S&P fires warning over Greek debt, despite weekend deal
Rating agency S&P fired a warning shot over Greek debt on Monday, upsetting relief at a weekend deal by saying that proposals for a payment holiday under a new rescue could trigger partial default.
S&P, which has already lowered the long-term rating on Greek public debt to "CCC" from "B", warned that a proposal floated by the French Bank Federation risked putting Greece into a selective default.
"It is our view that each of the two financing options described in the FBF proposal would likely amount to a default under our criteria," a statement said.
On Saturday, eurozone finance ministers approved the next 12-billion-euro slice of last year's 110-billion-euro ($160-billion) European Union and International Monetary Fund bailout for Greece after the Greek parliament passed fresh austerity measures.

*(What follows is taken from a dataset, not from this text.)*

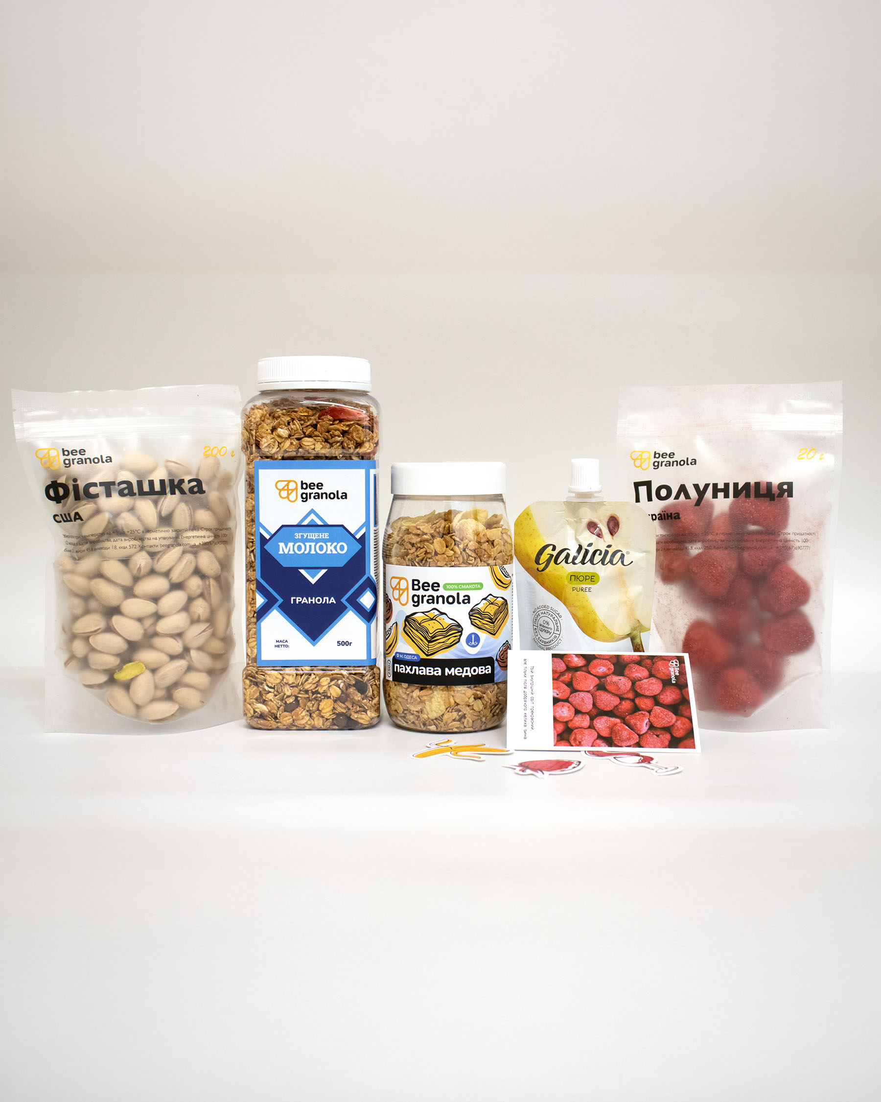 Щільна шкіряна торбинка з улюбленими смаколиками від Bee granola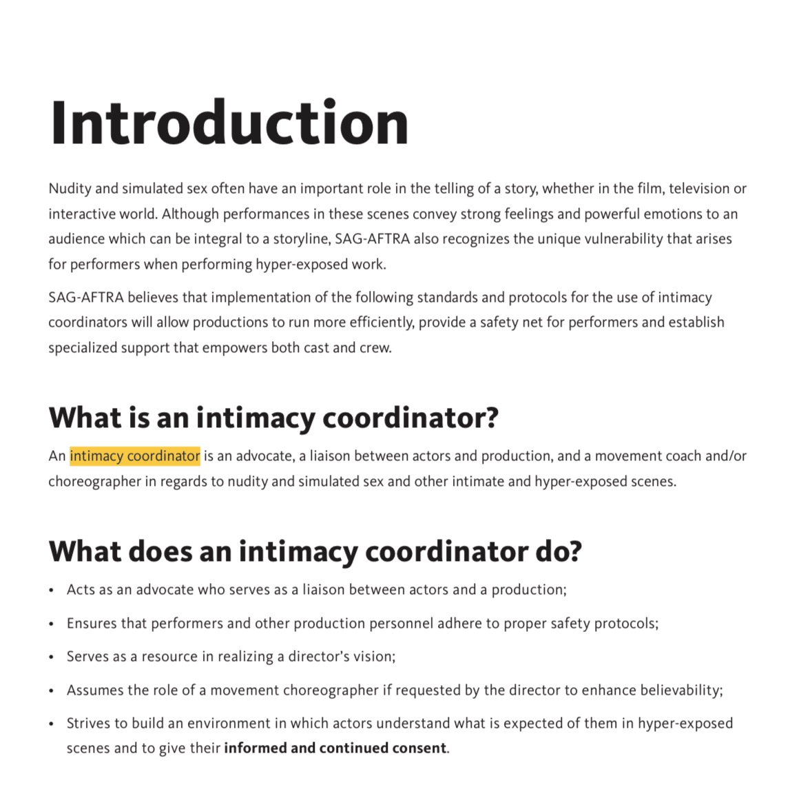 Training in intimacy coordination:

But talks over a second rescue package of about the same amount could be tougher because some governments, notably in Germany, insist that private investors share the burden by agreeing to "roll over" their Greek debt.
There is widespread concern that if the terms of a new rescue are judged to be equivalent to a default, dangerous repercussions could upset the eurozone and global financial markets.
The European Central Bank has warned that what it terms a "credit event", referring to discriminatory treatment between holders of Greek debt, could lead it to end its own lifeline support for the Greek banking system.
The ECB has supported Greece by buying large amounts of its debt on the market, but has said it will not participate in any rollover.
There is also concern that a default situation could trigger strains in the market for credit default swaps, which act as insurance against default.
A domino effect could severely weaken the balance sheets of some banks and insurance companies, it is feared.
French banks hold a sizeable proportion of Greek debt, and France has proposed that lenders roll over their loans into new 30-year bonds, giving Greece more time to put its financial house in order.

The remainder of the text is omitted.